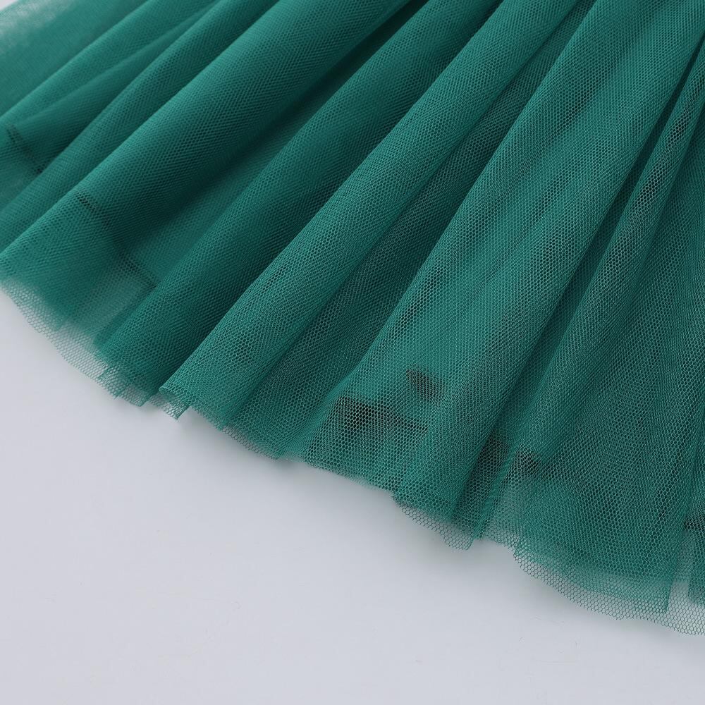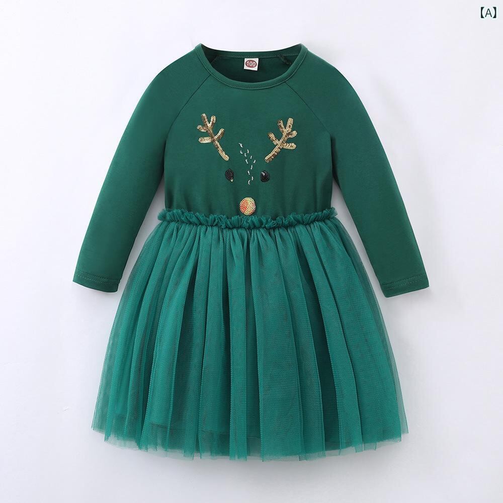 ワンピース 子供服 長袖 クリスマス チュールスカート 膝丈ワンピース かわいい トナカイ 刺繍 秋冬 グリーン レッド 100cm 110cm 120cm 130cm 140cm
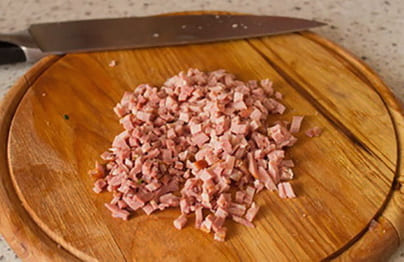 - Snijd de ham in kleine blokjes. Rasp de kaas. Hak de greens fijn met een mes.
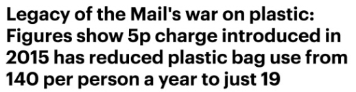 “根據數據顯示,自2015年推出對每(měi)個塑料(liào)袋征收5便士(約4.5毛)稅款法案後(hòu),英國的塑料袋使用量(liàng)從人均每年140個降至19個!”
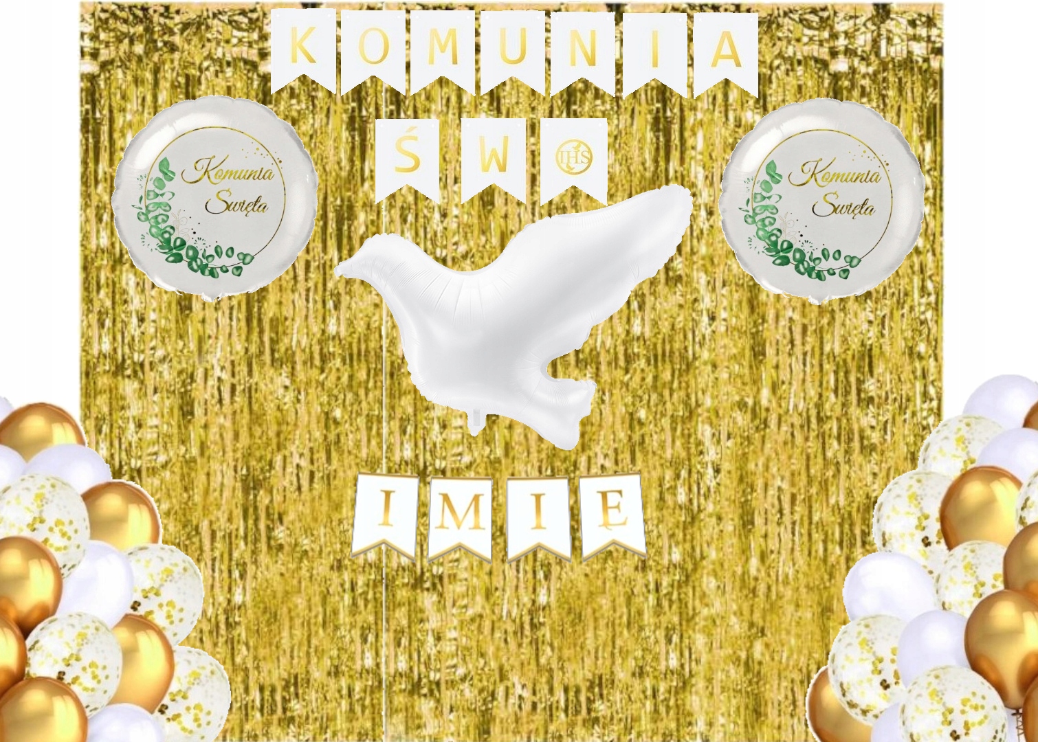 Zestaw balonów KOMUNIA złoty biały baner + imię
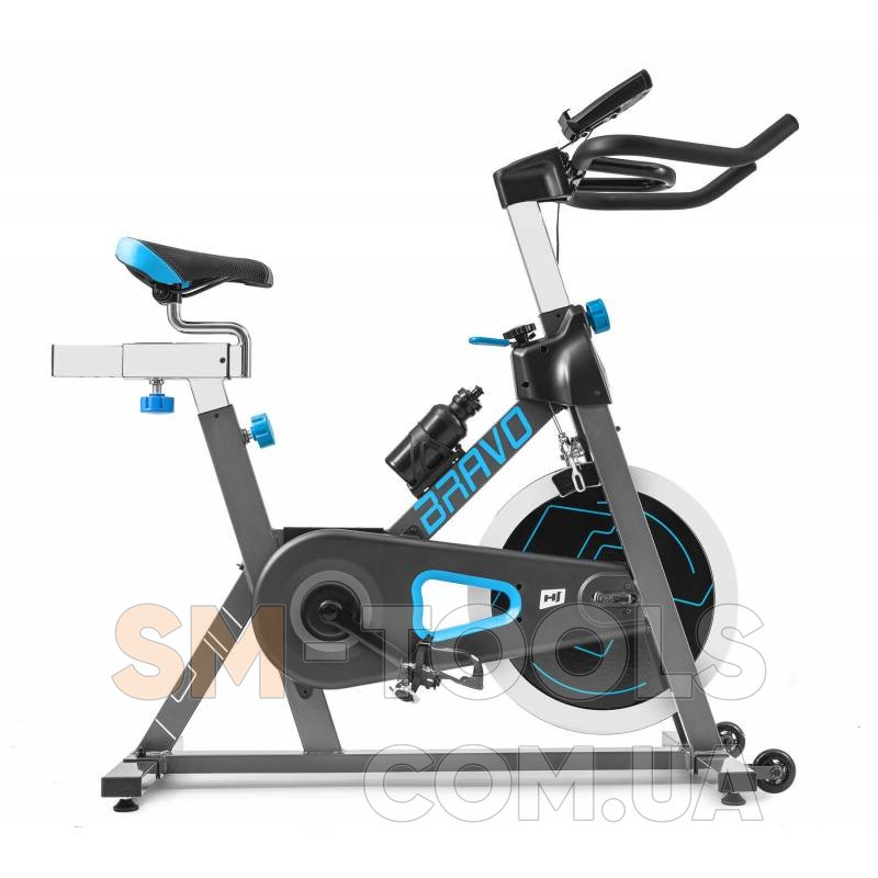 Велосипедний спінінг Hop-Sport HS-045IC Bravo – це високоякісне обладнання для тренування в домашніх умовах. Завдяки механічному опору із затискачем безпосередньо на 18-кілограмовому маховику він дозволяє створювати максимальний опір до повної зупинки. Велотренажер характеризується тихою експлуатацією, сучасним дизайном, міцною конструкцією із сталевих профілів та міцними механічними елементами.
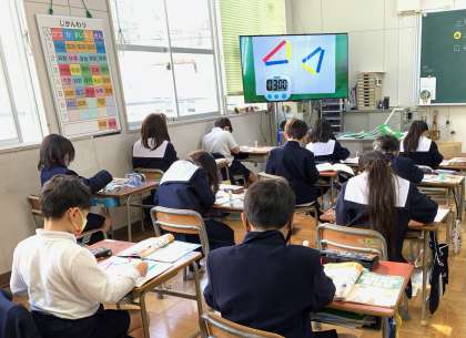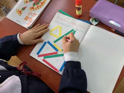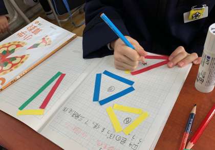 算数で「三角形と角」の学習をしています。今日は、長さの異なる4色のぼうをつかっていろんな三角形をつくりました。そして、それぞれの三角形の辺の長さに注目して仲間分けすることで、二等辺三角形と正三角形の特徴に気付くことができました。
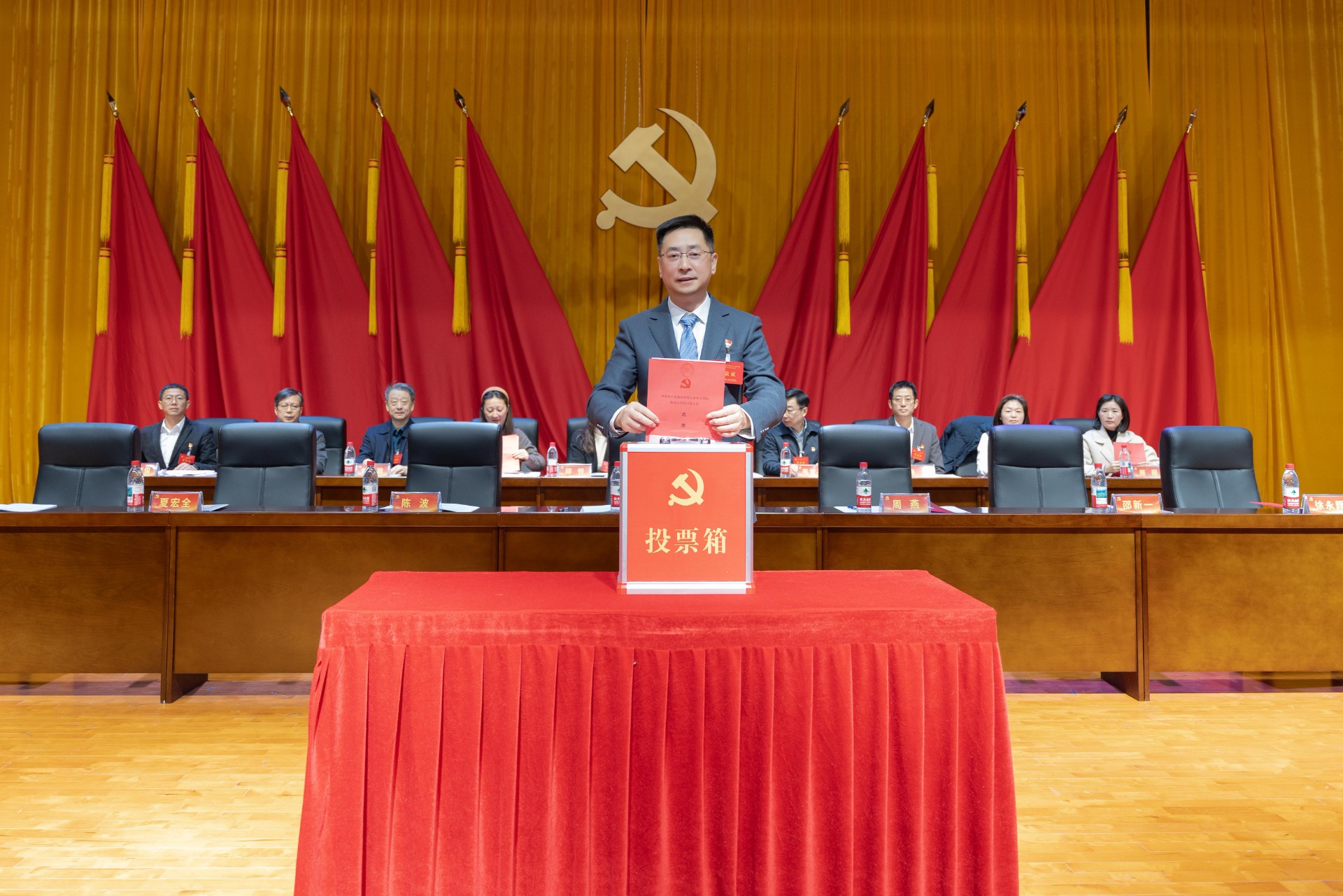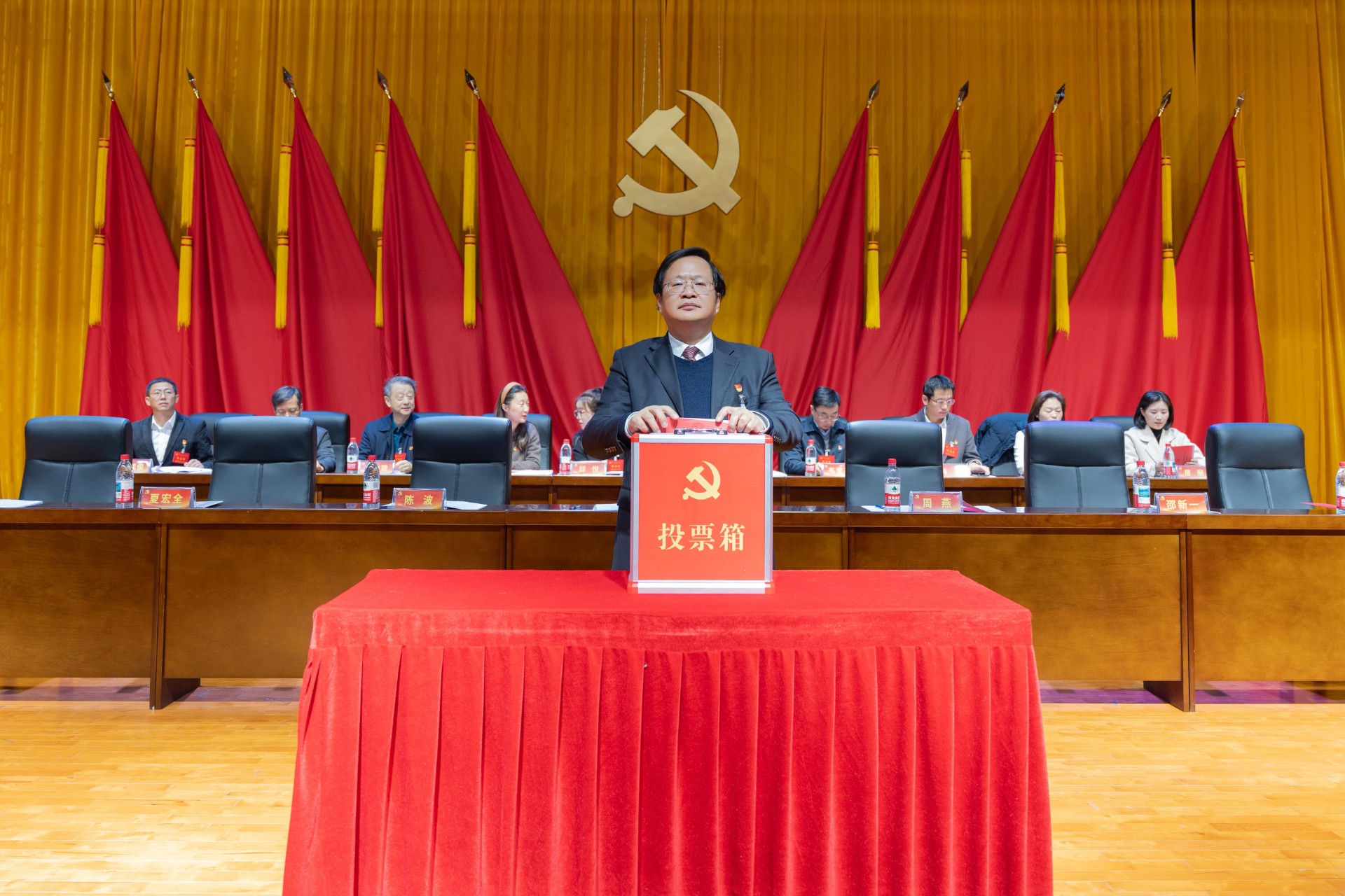 第二次全体会议以无记名投票方式进行了差额选举。大会严格按照选举程序,表决通过了选举办法、监票人名单,工作人员现场清点人数、检查票箱、分发选票。全体代表怀着高度的政治责任感和使命感,认真填写选票,有序投下神圣一票。投票结束后,监票人、计票人严格按照规定进行唱票和计票,全程公开透明、规范有序。大会选举环节组织严密、程序规范、风清气正。

--------------------------------

While skipping the pictures, transcribe the data above from the line showing "- Snijd de ham" through the line showing "Zestaw balonów KOMUNIA", exactly and with both ends.

 - Snijd de ham in kleine blokjes. Rasp de kaas. Hak de greens fijn met een mes.
 “根據數據顯示,自2015年推出對每(měi)個塑料(liào)袋征收5便士(約4.5毛)稅款法案後(hòu),英國的塑料袋使用量(liàng)從人均每年140個降至19個!”
 Zestaw balonów KOMUNIA złoty biały baner + imię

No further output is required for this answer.